Joint Poster Session JP2.1 Application of a QPF-POP relationship to ensembles to generate better probabilistic precipitation forecasts

Tuesday, 2 June 2009
Grand Ballroom Center (DoubleTree Hotel & EMC - Downtown, Omaha)
Christopher J. Schaffer, Iowa State University, Ames, IA; and W. A. Gallus Jr. and M. Segal

Handout (1.2 MB)

Gallus and Segal (Weather and Forecasting, 2004) and Gallus et al. (Weather and Forecasting, 2007) used a precipitation-binning technique to show that at grid points where the quantity of precipitation was larger, the probability that those grid points would receive at least a small amount of precipitation was greater. It is believed that this relationship holds because models are better at forecasting where atmospheric conditions are favorable for precipitation than at forecasting actual amounts. It was also noted that probability of precipitation (PoP) values increased even further if two different models showed an intersection of grid points. These findings suggest that PoPs can be further improved, if these relationships were applied to ensemble forecasts.

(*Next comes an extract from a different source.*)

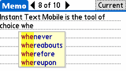 Working with Instant Text Mobile is very simple: You just type a few letters with a method of your choice and suggestions appear in an advisory. If you see what you are looking for, you just tap on it to enter it. For example, you start to type whe and you can now select the word whenever.

This study post-processes WRF ensemble precipitation data, testing new methods of obtaining PoP forecasts to show that PoPs will increase with a combined increase in precipitation amount and number of ensemble members predicting precipitation. At each point on the grid, a characteristic precipitation amount must be determined based on the amounts forecasted by the ensemble members. For instance, the maximum amount forecasted by any member could be used, or the method could use an ensemble average value. By binning the characteristic amount and determining the number of members forecasting a specific amount of precipitation at each grid point, refined PoPs are calculated. By using these refined probabilities (obtained from 20 cases from a 4-km dataset run by the Center for the Analysis and Prediction of Storms during 2007, in support of the NOAA Hazardous Weather Testbed Spring Program), the reliability of the probabilistic precipitation forecasts is improved, when compared to the traditional method of equally-weighting ensemble members to determine PoPs. The Brier scores calculated from the refined PoPs are more favorable than those of the traditional method for determining PoPs, as are the ROC areas associated with the refined PoPs. The method was also tested on a 15-km Winter 2006 dataset, which yielded similar results. Finally, a Summer 2008 dataset was used as a training dataset in order to be tested against the Summer 2007 dataset.